The Appellate Chamber of the Hague Tribunal is due to pronounce a second-instance verdict in the case of Momcilo Krajisnik, a former Republika Srpska senior official, in mid March.
In September 2006 Krajisnik, former President of the Republika Srpska Assembly, was sentenced to 27 years’ imprisonment for crimes against humanity, and persecution, extermination, murder and deportation of non-Serbs in Bosnia and Herzegovina.
He was sentenced for participation in a joint criminal enterprise, in collaboration with other Bosnian Serb leaders but acquitted of charges of genocide and complicity in genocide.
All parties, including the indictee himself, appealed the first-instance verdict. Among other things, the Prosecution appealed due to what it described as an “inadequately low sentence”.
Nearly two and a half years after the pronouncement of the first-instance verdict, the Appellate Chamber of the International Criminal Tribunal for the former Yugoslavia, ICTY, has announced that it will pronounce a second-instance verdict on March 17.
The indictee was allowed to examine Radovan Karadzic as a witness during the course of the appellate process. The former President of Republika Srpska is at The Hague awaiting the start of his trial for war crimes and genocide.

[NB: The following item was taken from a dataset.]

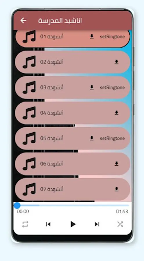 The school chants application contains the back to school chant, my school chant, and a lot of songs to learn Arabic alphabets and numbers, as well as school love songs and songs for learning letters and numbers.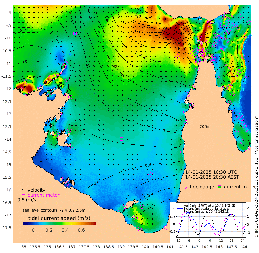 9cm/s -44T +3cm/s rms + 7cm/s -42T. ARA-GOC87 57m 20cm/s -67T +3cm/s rms + 2cm/s -2T. ARA-GOC87 60m 9cm/s 5T +2cm/s rms + 3cm/s 61T. ARA-GOC87 47m -35cm Daru -26cm Bobo Island 15cm Meer Island Barge 16cm Bramble Cay -11cm Unnamed Cay -14cm Pearce Cay -7cm Stephens Island -2cm Merrie England Shoals -27cm Mutacomal Reef -6cm Darnley Island Barge 21cm East Cay -25cm Yorke Island Barge -26cm Rennel Island -26cm Aureed Island -42cm Dungeness Reef -73cm Zagai Island -73cm Yam Island -84cm Dauan Island -86cm Saibai Island -52cm Phipi Reef -68cm Warrior Reef - West -97cm Mabuiag Island Barge -30cm Half Way Island -47cm Coconut Island -44cm Dugong Islet -64cm Poll Island -61cm Kirkcaldie Reef -82cm Suarji Island -72cm Sue Islet -99cm Hawkesbury Island -92cm Alert Patches -91cm Twin Island -90cm Badu Island -103cm St Pauls (Moa Island) -94cm Kubin (Moa Island) -96cm Ince Point -99cm Thursday Island -98cm Nardana Patches -86cm Turtle Head -89cm Round Island -82cm Goods Island -97cm Booby Island -86cm White Rocks Area -123cm Carpentaria -90cm Papou Point -116cm Bampfield Head -80cm Crab Island -93cm Red Wallis Island -82cm Packe Island -53cm Harrington Reef -94cm Herald Camp -30cm Sharp Point -73cm Red Island Point -89cm Possession Island -83cm Alpha Rock -75cm Frederick Point -47cm Wyborn Reef Light -57cm Tetley Island 1cm Triangle Reef -61cm Turtle Head Island 8cm Maclennan Cay 25cm Raine Island -17cm Mcsweeny Reef -5cm Collette Reef 12cm Shadwell Reef 2cm Hannibal Island 15cm Round Point -90cm Vrilya Point 13cm Cape Grenville 14cm Hicks Island 13cm Sir Charles Hardy Island 2cm Harvey Island 26cm Kay Reef 27cm Rocky Island 33cm Chapman Island 24cm Ham Reef 22cm Jubilee Reef 20cm Night Island 26cm Unnamed Reef No. 3 28cm Morris Island 19cm 1st 3 Mile Opening 22cm Creech Reef 23cm Fife Island 44cm Eden Reef 29cm Stanley Island 36cm Normanby River 88cm Yabooma Island 105cm Hutchison River 96cm Elcho Island 97cm North West Crocodile Island 24cm Cape Wessel 73cm Stevens Island 21cm Guluwuru Island 79cm Hopeful Bay 39cm Auster Point 35cm Two Island Bay 71cm Cadell Strait 9cm Mallison Island 28cm Melville Bay (Gove Harbour) 16cm Truant Island 12cm Cape Arnhem 23cm Cape Grey 39cm Hawk Island 47cm Milner Bay (Groote Eylandt) 55cm Cape Beatrice 51cm West Island 54cm Centre Island 122cm Mornington Island 117cm West Wellesley Islands 171cm Bountiful Island 224cm Albert River Mouth 223cm Sweers Island 214cm Karumba 107cm Nassau River Offshore 60cm Christmas Creek 12cm Archer River -33cm Boyd Point -12cm Weipa (Humbug Point) -49cm Pennefather River -71cm Cullen Point

Karadzic, who was examined on November 5, 2008, denied that Krajisnik was member of the wartime Presidency of Republika Srpska, his close associate and the “second highest ranking official in Republika Srpska”.
He also denied the fact, previously determined by the first-instance Chamber, that Krajisnik had a role in the establishment of crisis committees, war commissions, regional and municipal structures in the Serbian Democratic Party, or the Territorial Defence.